Emilia* D. (14) aus Riehen BS ist ein hübsches, zierliches Mädchen. Die Augen dunkel geschminkt, sitzt es auf der Couch und spielt am Handy herum. Es ist wieder zu Hause bei seiner Mutter. Nachdem vier bewaffnete Polizisten es bei einem eskalierten Einsatz in ein Heim gesteckt haben. Die «Basler Zeitung» hatte über den Fall berichtet.

Am 17. Mai stehen die Fahnder in Zivil vor der Haustüre. Es ist 6.30 Uhr morgens, ein Polizist klopft. Zur gleichen Zeit reisst ein anderer die Fenster-Jalousien der Parterre-Wohnung hoch. Als die Mutter öffnet, stürmen die Beamten in die Wohnung.

«Meine Tochter hatte sich aus Angst im Badezimmer versteckt», sagt Mutter Leonora* D. (55). Emilia: «Schliesslich kam ich heraus und trat einem in die Eier, denn er hatte meine Mutter angerempelt!» Die Polizisten drücken Emilia bäuchlings zu Boden und legen ihr Handschellen an.

Im Pyjama wird sie auf den Polizeiposten geführt. «Dort musste ich mich nackt ausziehen, damit mich eine Polizistin nach Drogen filzen konnte. Ich wurde wie eine Verbrecherin behandelt.» Ihre Mutter ist immer noch geschockt: «Als ich sagte, ich müsse zur Arbeit, wollten sie auch mich in Handschellen legen. Zuvor klingelten die Beamten noch bei allen Nachbarn. Es war sehr demütigend», so die Yogalehrerin. Gegen die 14-Jährige läuft sogar eine Anzeige wegen Gewalt und Drohung gegen Beamte. 

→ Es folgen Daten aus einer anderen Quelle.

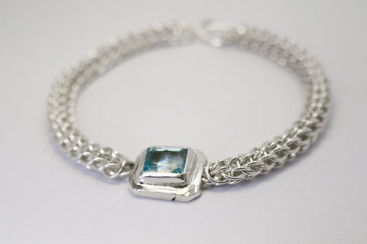 SkyBlue Topaz - One of a Kind Full Persian Chainmail Bracelet – Solid 999 Silver 925 Chainmail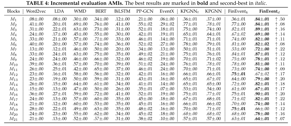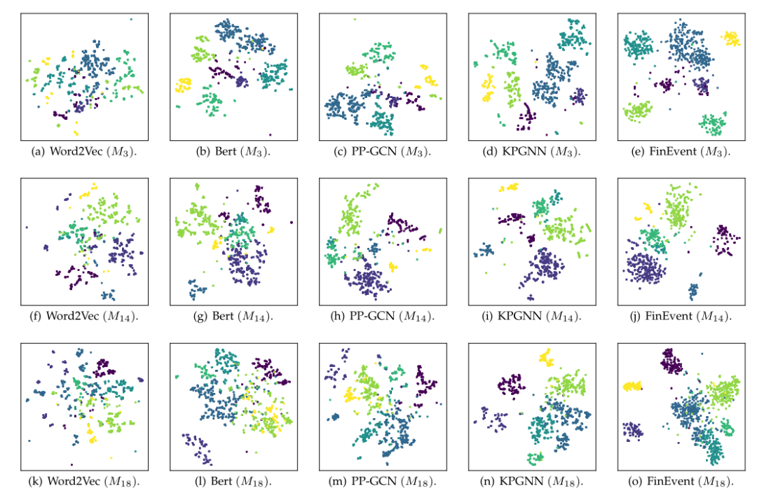 我们在表 9 中将 NMIs 结果作为它们的性能报告。FinEvent 的所有聚类类型都设置为 K-Means,以避免 DBSCAN 中不同参数选择的影响。观察到 FinEventcr 和 FinEventcg 的性能优于 FinEventr 和 FinEventg。具体而言,在15个区块中,FinEventcr与FinEventr相比领先12个区块,实现了1.7%~20.6%的提升。FinEventcg 在 12 个区块中也优于 FinEventg,并实现了 1.7% 到 20.8% 的改进。FinEventr 和 FinEventcr 的块平均 NMI 分别为 0.554 和 0.597。FinEventg 和 FinEventcg 的块平均 NMI 分别为 0.554 和 0.595。FinEventcr 和 FinEventcg 的可行性表明,在高资源英语数据集上训练的 FinE-vent中保存的知识可以扩展并指导低资源非英语数据集上的事件检测。此外,FinEventr 和 FinEventg 的相似性能也让我们了解到,尽管消息的语言表达方式不同,但消息图的语义和结构在事件检测中更为关键。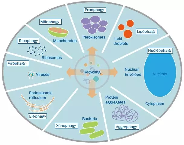 自噬是将大分子和细胞器转运至溶酶体,使其降解和回收再利用的过程。这一过程的目标是消除过量或有缺陷的细胞器以及聚集的衰老蛋白。在水解之后,基本的分子原件被回收到细胞质中,作为细胞的组成材料或能量来源。因此,自噬在细胞内稳态机制中起着关键作用,控制着细胞的可用资源和能源消耗之间的平衡。

Massive Probleme in der Schule

Emilias Probleme beginnen im Sommer 2016 als sie in die Sekundarschule wechselt. «Ich habe leider viel Mist gebaut, den Unterricht gestört und musste praktisch jede Stunde draussen vor der Tür verbringen», sagt die 14-Jährige heute selbstkritisch. Eines Tages kommt sie mit einer Cola-Flasche in die Schule, die sie mit Wodka gefüllt hat. Emilias Mutter schüttelt den Kopf: «Ich glaube, sie wollte ihre neuen Schulkameraden beeindrucken. Es war sehr schwierig», sagt sie. Die Schule schmeisst den widerborstigen Teenager raus.

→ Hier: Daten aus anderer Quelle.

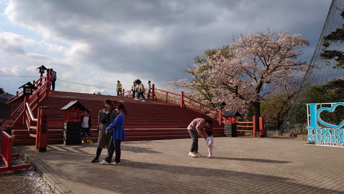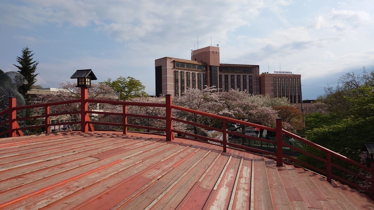 太鼓橋の上からの眺めをしばし堪能。赤い橋って、何とも言えない風情がありますね。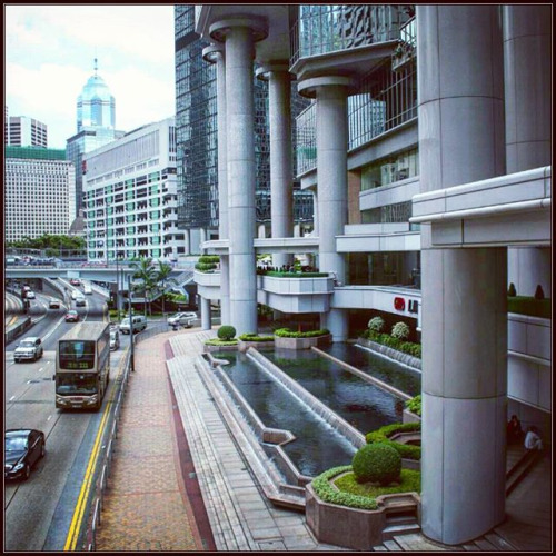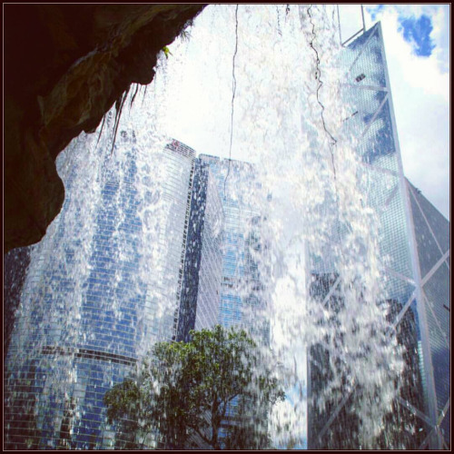 Skyscraper from behind a wall of water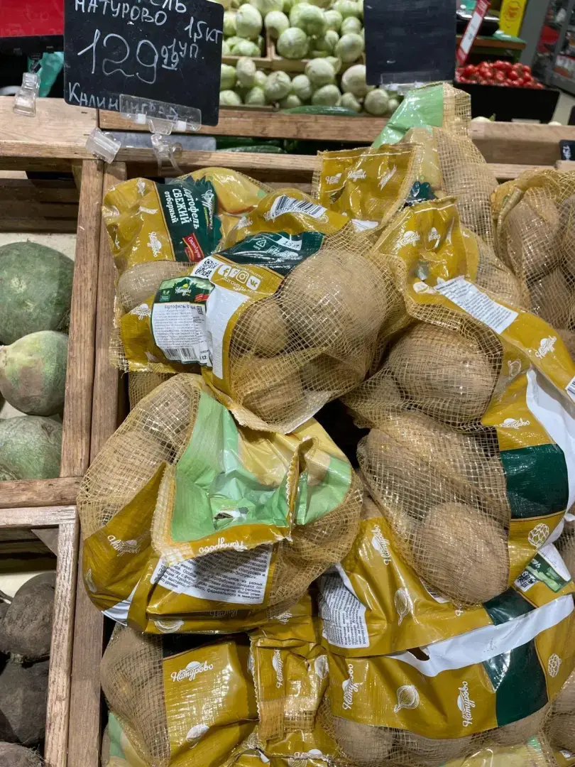 Картофель дороговатый. На уличных лотках он дешевле. Весовой можно по 50 руб. найти за кг, но он будет подмороженный. Поэтому, приходиться брать в супермаркетах.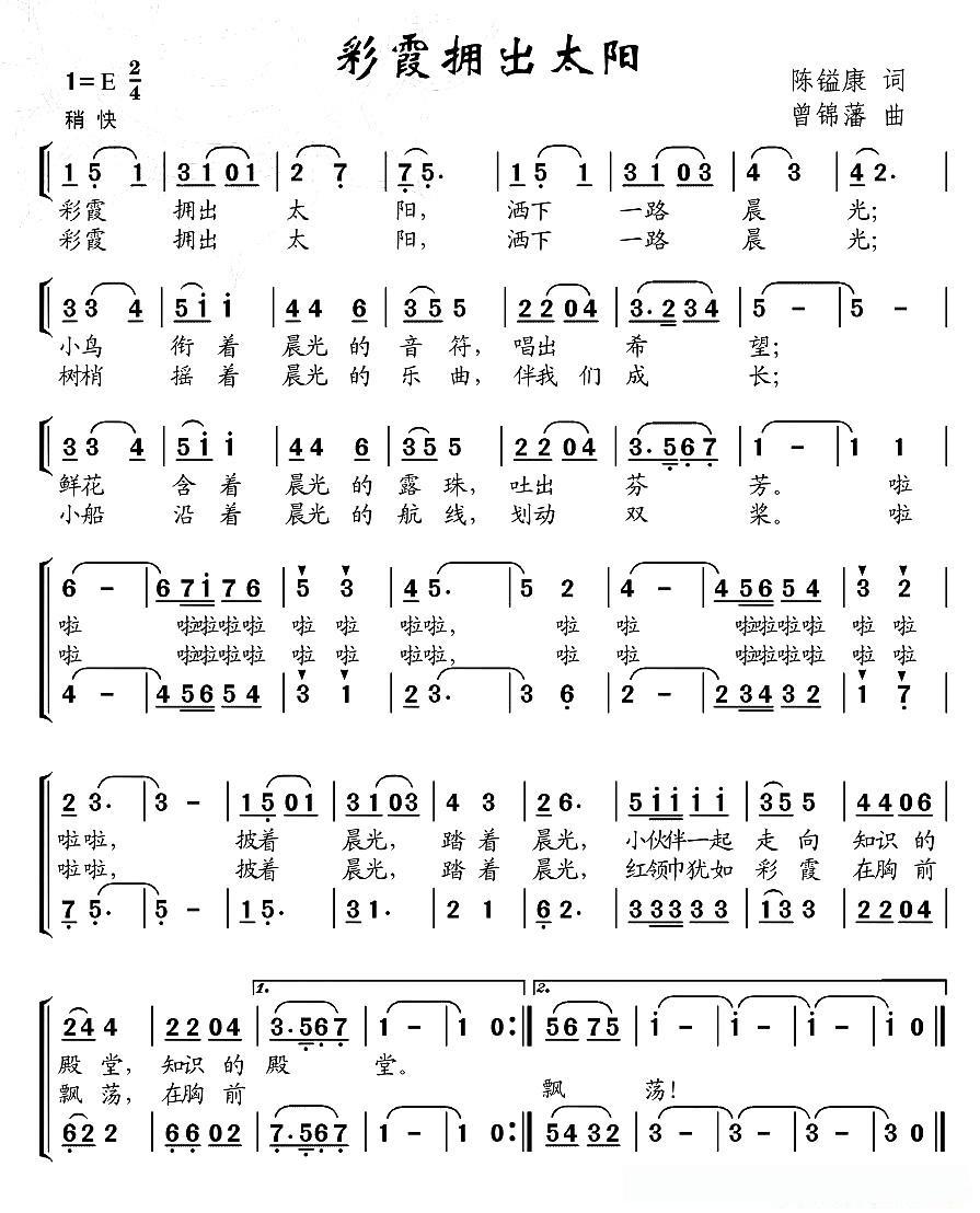 彩霞拥出太阳(合唱)的简谱歌词

Der Kinder- und Jugenddienst bringt sie in der Durchgangsstation Foyer in Basel unter. Schliesslich wird Emilia von der Beiständin, welche die Kindes- und Erwachsenenschutzbehörde (Kesb) inzwischen eingesetzt hat, in der Beobachtungsstation Basel platziert. Dort gefällt es ihr nicht. Sie haut immer wieder ab. «Das Heim löste 30-mal eine Fahndung aus, um meine Tochter zu suchen», so Leonora D.

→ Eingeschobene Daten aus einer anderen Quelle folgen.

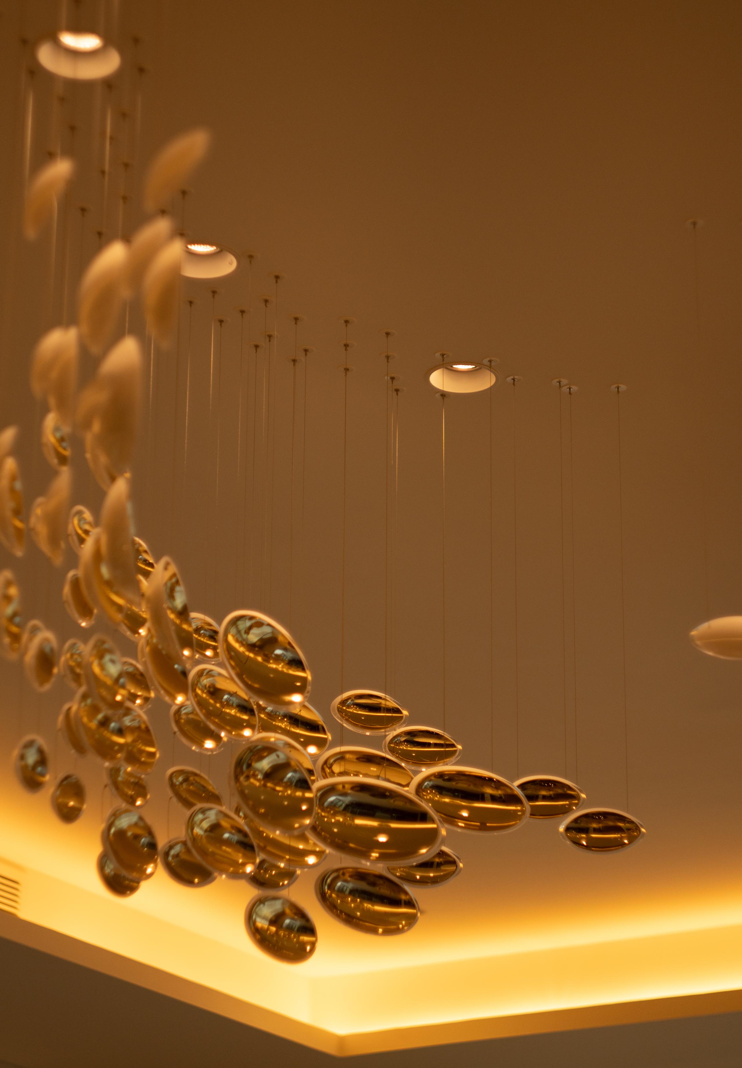 Embodying elegance in its purest form, the Bowls collection introduces a sleek, contemporary aesthetic into the space. Each crystal component is crafted with contrasting finishes: one side features a reflective metal nanocoating, while the other is infused with a complementary colour. When suspended in a fluid arrangement, the components create a soft wave of light, offering a refined statement suitable for both residential and commercial interiors.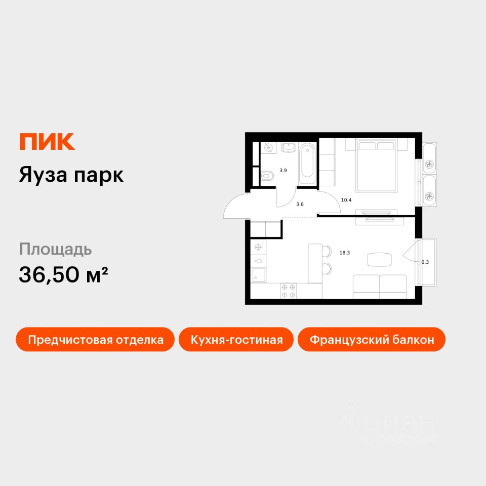Продаётся 1-комн. квартира площадью 36,5 кв.м на 2 этаже 24 этажного дома (Корпус 12, Секция 1) проекта ПИК Яуза парк. Светлый просторный подъезд на уровне земли, функциональная планировка, большие окна, предчистовая отделка.

Die Mutter will ihr Kind wieder nach Hause holen. Als die Kesb nicht einwilligt, weigert sich Emilia, ins Heim zurückzukehren, bleibt bei ihrem Mami. Es kommt zum fatalen Polizeieinsatz. Emilia wird in ein Jugendheim in St. Gallen gebracht, hockt von da an hinter vergitterten Fenstern. «Als sie abgeführt wurde, rief ich ihr zu, dass ich alles tun werde, dass sie rauskommt aus dem ‹Knast›», so die Mutter. 

Stinkwut auf die Polizei

Sie hält Wort. Der Kesb-Entscheid wurde neu verhandelt, das Aufenthaltsbestimmungsrecht wieder der Mutter zugesprochen. Die Wut gegen die Polizei bleibt trotzdem. Die Mutter: «Wir erwarten eine Entschuldigung.» 

Die Kantonspolizei Basel-Stadt findet ihren Einsatz verhältnismässig: «Grundlage ist eine jeweilige Lagebeurteilung. Unabhängig von Anzahl, Alter und Geschlecht der anwesenden Personen müssen Fahnder immer mit Hindernissen, unerwarteten Wendungen, Gewalt etc. rechnen», heisst es auf Anfrage.

Aller Schwierigkeiten zum Trotz hat Emilia wieder ein Ziel vor Augen: Sie will wieder zur Schule gehen.